We connect the study of pseudodeterministic algorithms to two major open problems about the structural complexity of $BPTIME$: proving hierarchy theorems and showing the existence of complete problems. Our main contributions can be summarised as follows.

1. A new pseudorandom generator and its consequences: We build on techniques developed to prove hierarchy theorems for probabilistic time with advice (Fortnow and Santhanam, FOCS 2004) to construct the first unconditional pseudorandom generator of polynomial stretch computable in pseudodeterministic polynomial time (with one bit of advice) that is secure infinitely often against polynomial-time computations. As an application of this construction, we obtain new results about the complexity of generating and representing prime numbers. For instance, we show unconditionally for each $\varepsilon > 0$ that infinitely many primes $p_n$ have a succinct representation in the following sense: there is a fixed probabilistic polynomial time algorithm that generates $p_n$ with high probability from its succinct representation of size $O(|p_n|^{\varepsilon})$. This offers an exponential improvement over the running time of previous results, and shows that infinitely many primes have succinct and efficient representations.

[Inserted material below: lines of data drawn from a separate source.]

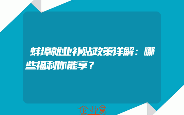 - 蚌埠就业补贴政策详解:哪些福利你能享?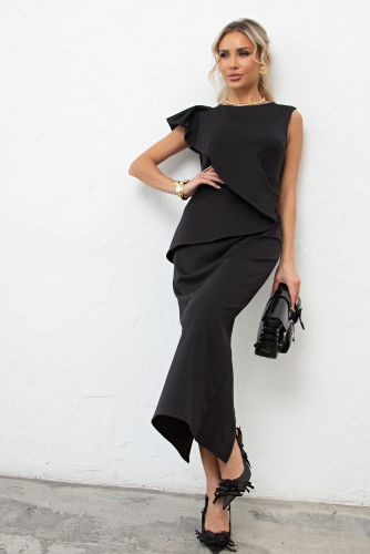 Перед юбки оформлен баской, переходящей по диагонали в волан, через плечо на спинку. Низ ровный, Сзади разрез.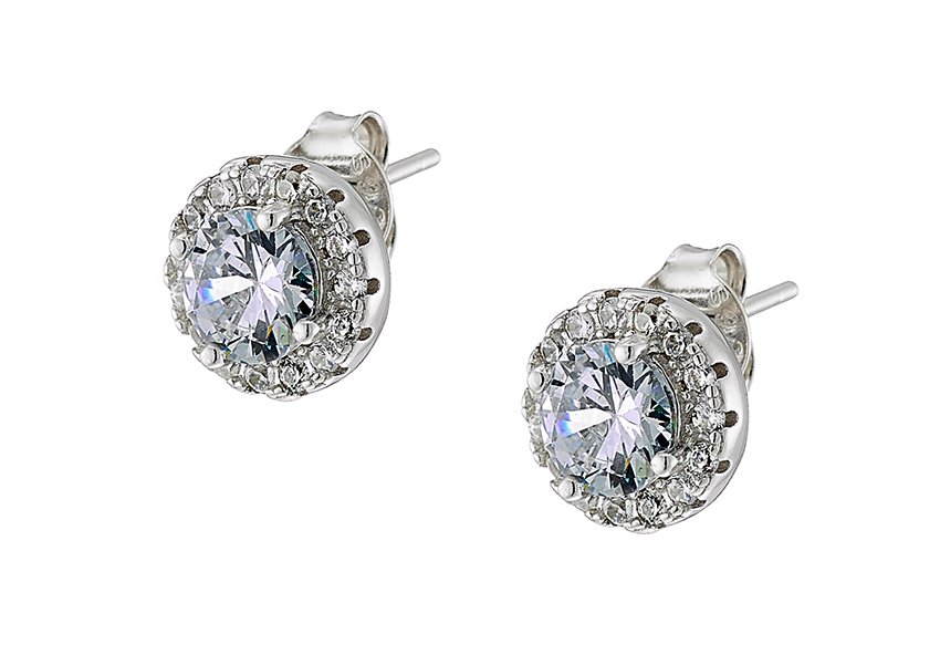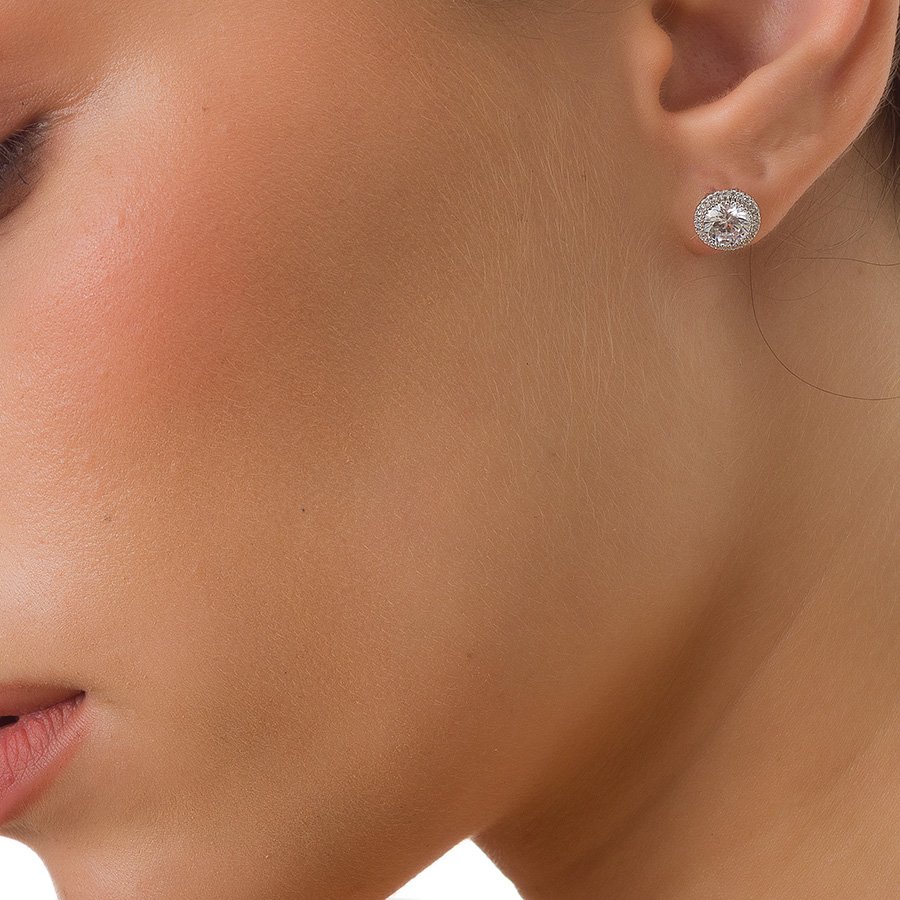Oxzen σκουλαρίκια καρφωτά ασημένια με λευκά ζιργκόν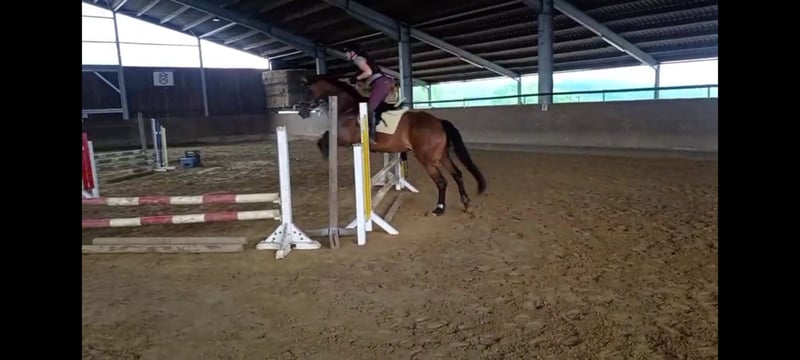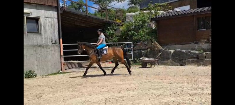 Cleo is a sweet and friendly mare. She will be seven years old in 2026 and stands approximately 1.64 meters tall. At the age of four, she foaled a very athletic foal sired by Classico's Champion. She was bred with only two inseminations. The pregnancy and foaling were smooth and uncomplicated. Sire: Contendrix (placed up to 1.60 m under Toni Hassmann) Grandsire: Cordynox (placed internationally under Marcus Ehning) Her maternal half-brother has already competed successfully in show jumping up to L**level and L**-class. At five years old, Cleo was gently backed and started under saddle. She rides confidently alone and in a group, both in the field and over small jumps. She is well-behaved for the farrier and during grooming. She loads reliably and is accustomed to both box and open stall housing. Due to an accident in the pasture at age two, Cleo lost her right eye. I am therefore offering her at a below-market price. She copes very well with this condition. Cleo is located in 51647 Gummersbach and can be visited and tested under saddle there. To avoid riding tourism and for fairness to the horse, I charge a fee of €10 for a trial ride. If interested or for questions, please contact me via ehorses or WhatsApp at 0171 800 89 79. Cleo requires a dedicated owner and will not be sold to riding schools or dealers. Priority goes to the right person!

2. Structural results for probabilistic time from pseudodeterministic algorithms: Oliveira and Santhanam (STOC 2017) established unconditionally that there is a pseudodeterministic algorithm for the Circuit Acceptance Probability Problem ($CAPP$) that runs in sub-exponential time and is correct with high probability over any samplable distribution on circuits on infinitely many input lengths. We show that improving this running time or obtaining a result that holds for every large input length would imply new time hierarchy theorems for probabilistic time. In addition, we prove that a worst-case polynomial-time pseudodeterministic algorithm for $CAPP$ would imply that $BPP$ has complete problems.

3. Equivalence between pseudodeterministic constructions and hierarchies: We establish an equivalence between a certain explicit pseudodeterministic construction problem and the existence of strong hierarchy theorems for probabilistic time. More precisely, we show that pseudodeterministically constructing in exponential time strings of large $rKt$ complexity (Oliveira, ICALP 2019) is possible if and only if for every constructive function $T(n) \leq \exp(o(\exp(n)))$ we have $BPTIME[poly(T)] \not\subseteq i.o.BPTIME[T]/\log T$.

More generally, these results suggest new approaches for designing pseudodeterministic algorithms for search problems and for unveiling the structure of probabilistic time.